**Given information**
◇ ◇ ◇ ◇ ◇ ◇ ◇
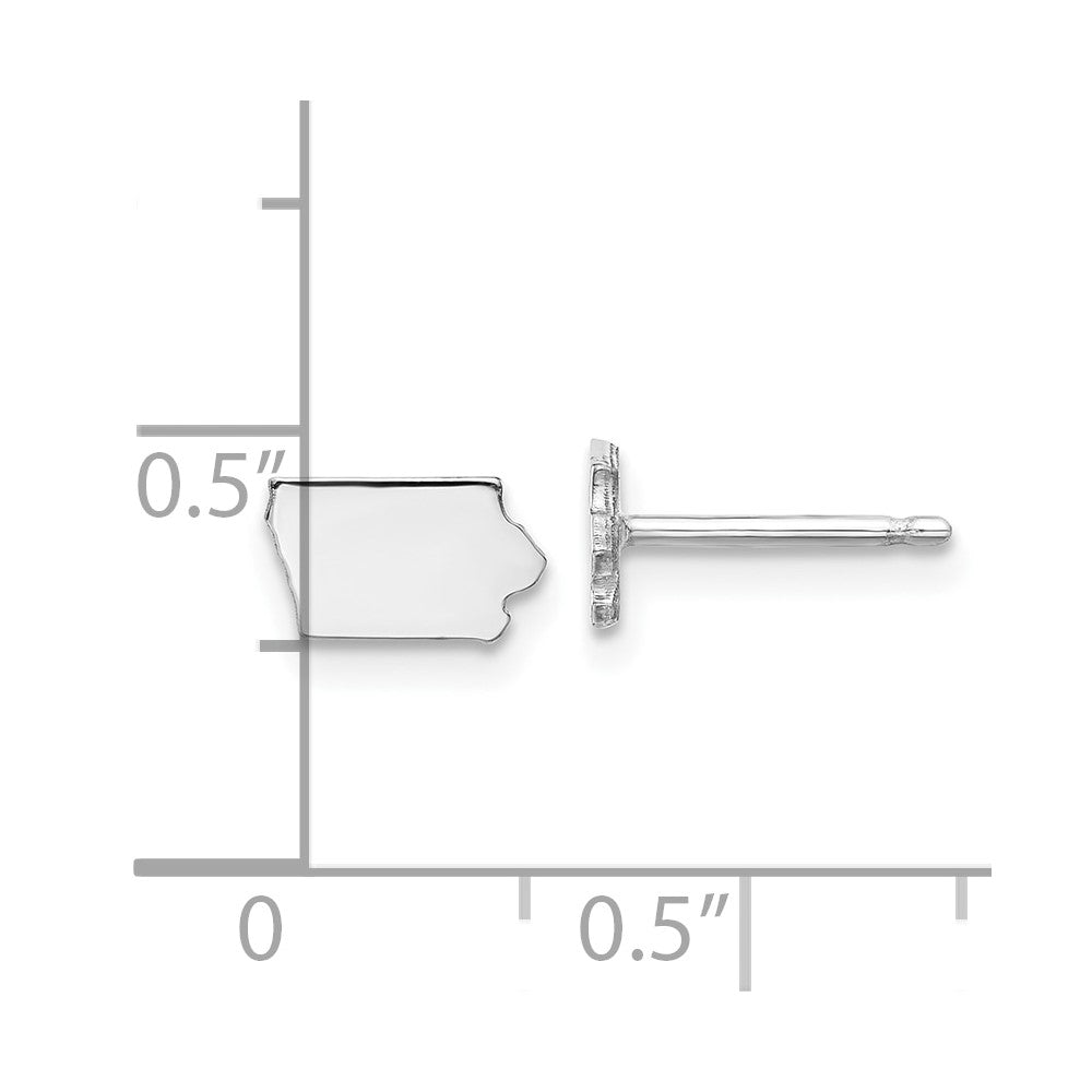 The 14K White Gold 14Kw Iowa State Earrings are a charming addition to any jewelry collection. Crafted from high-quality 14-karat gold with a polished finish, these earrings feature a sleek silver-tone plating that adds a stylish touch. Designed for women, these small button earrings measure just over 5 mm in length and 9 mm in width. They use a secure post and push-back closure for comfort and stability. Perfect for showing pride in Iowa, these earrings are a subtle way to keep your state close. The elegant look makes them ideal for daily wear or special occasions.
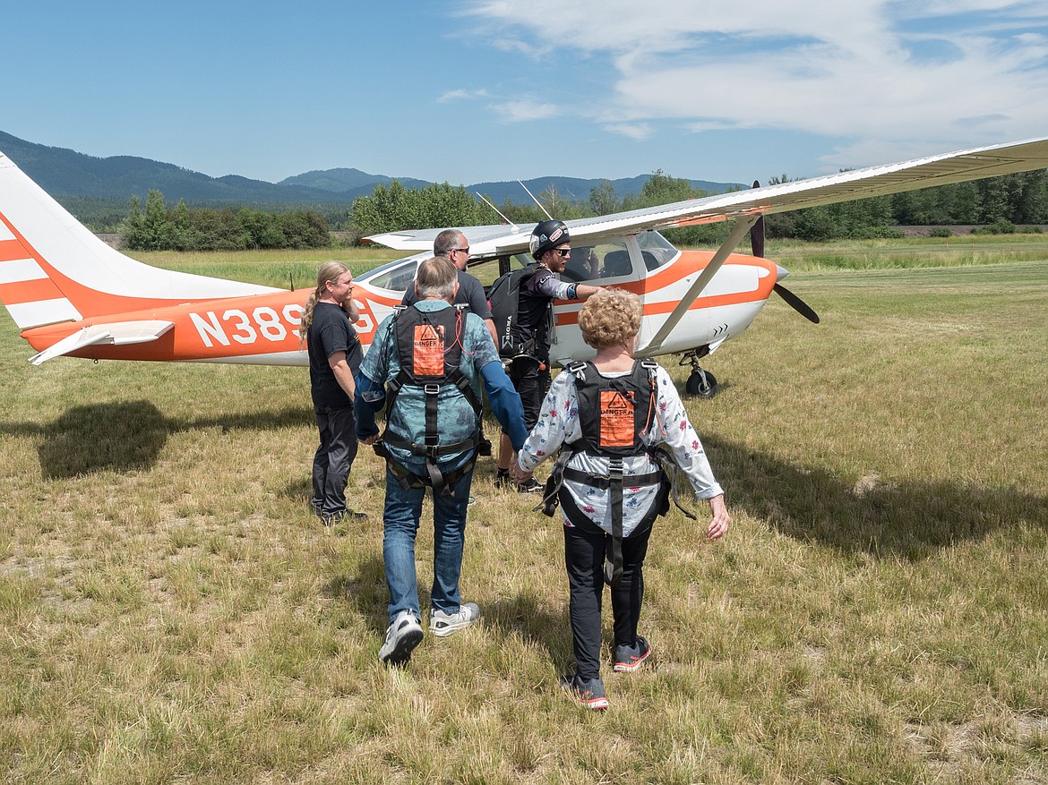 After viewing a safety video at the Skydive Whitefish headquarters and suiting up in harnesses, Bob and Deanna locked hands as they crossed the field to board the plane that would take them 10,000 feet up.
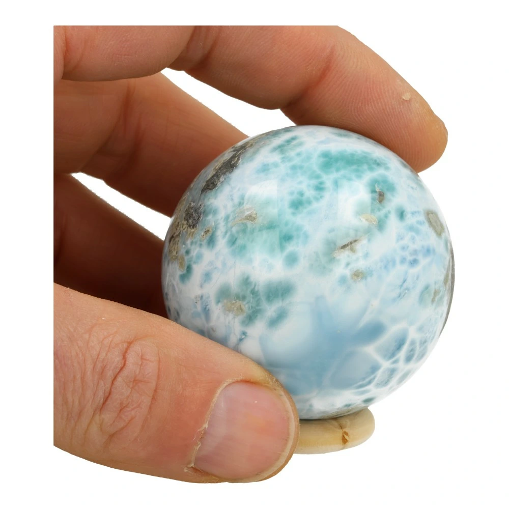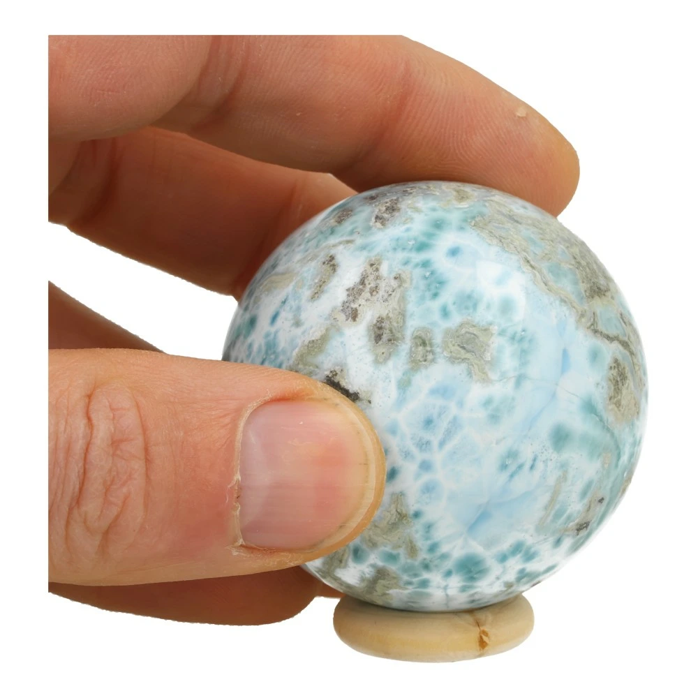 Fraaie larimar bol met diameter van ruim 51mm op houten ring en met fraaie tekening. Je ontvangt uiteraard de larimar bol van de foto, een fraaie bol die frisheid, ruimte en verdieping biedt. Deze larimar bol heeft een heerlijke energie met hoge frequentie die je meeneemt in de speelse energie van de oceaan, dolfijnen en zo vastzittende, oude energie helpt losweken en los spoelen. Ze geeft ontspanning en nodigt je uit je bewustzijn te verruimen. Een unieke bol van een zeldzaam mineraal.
◇ ◇ ◇ ◇ ◇ ◇ ◇
**Assigned task**
Transcribe every line of the data exactly. No pictures go in the copy.

**Exercise solution**
 The 14K White Gold 14Kw Iowa State Earrings are a charming addition to any jewelry collection. Crafted from high-quality 14-karat gold with a polished finish, these earrings feature a sleek silver-tone plating that adds a stylish touch. Designed for women, these small button earrings measure just over 5 mm in length and 9 mm in width. They use a secure post and push-back closure for comfort and stability. Perfect for showing pride in Iowa, these earrings are a subtle way to keep your state close. The elegant look makes them ideal for daily wear or special occasions.
 After viewing a safety video at the Skydive Whitefish headquarters and suiting up in harnesses, Bob and Deanna locked hands as they crossed the field to board the plane that would take them 10,000 feet up.
 Fraaie larimar bol met diameter van ruim 51mm op houten ring en met fraaie tekening. Je ontvangt uiteraard de larimar bol van de foto, een fraaie bol die frisheid, ruimte en verdieping biedt. Deze larimar bol heeft een heerlijke energie met hoge frequentie die je meeneemt in de speelse energie van de oceaan, dolfijnen en zo vastzittende, oude energie helpt losweken en los spoelen. Ze geeft ontspanning en nodigt je uit je bewustzijn te verruimen. Een unieke bol van een zeldzaam mineraal.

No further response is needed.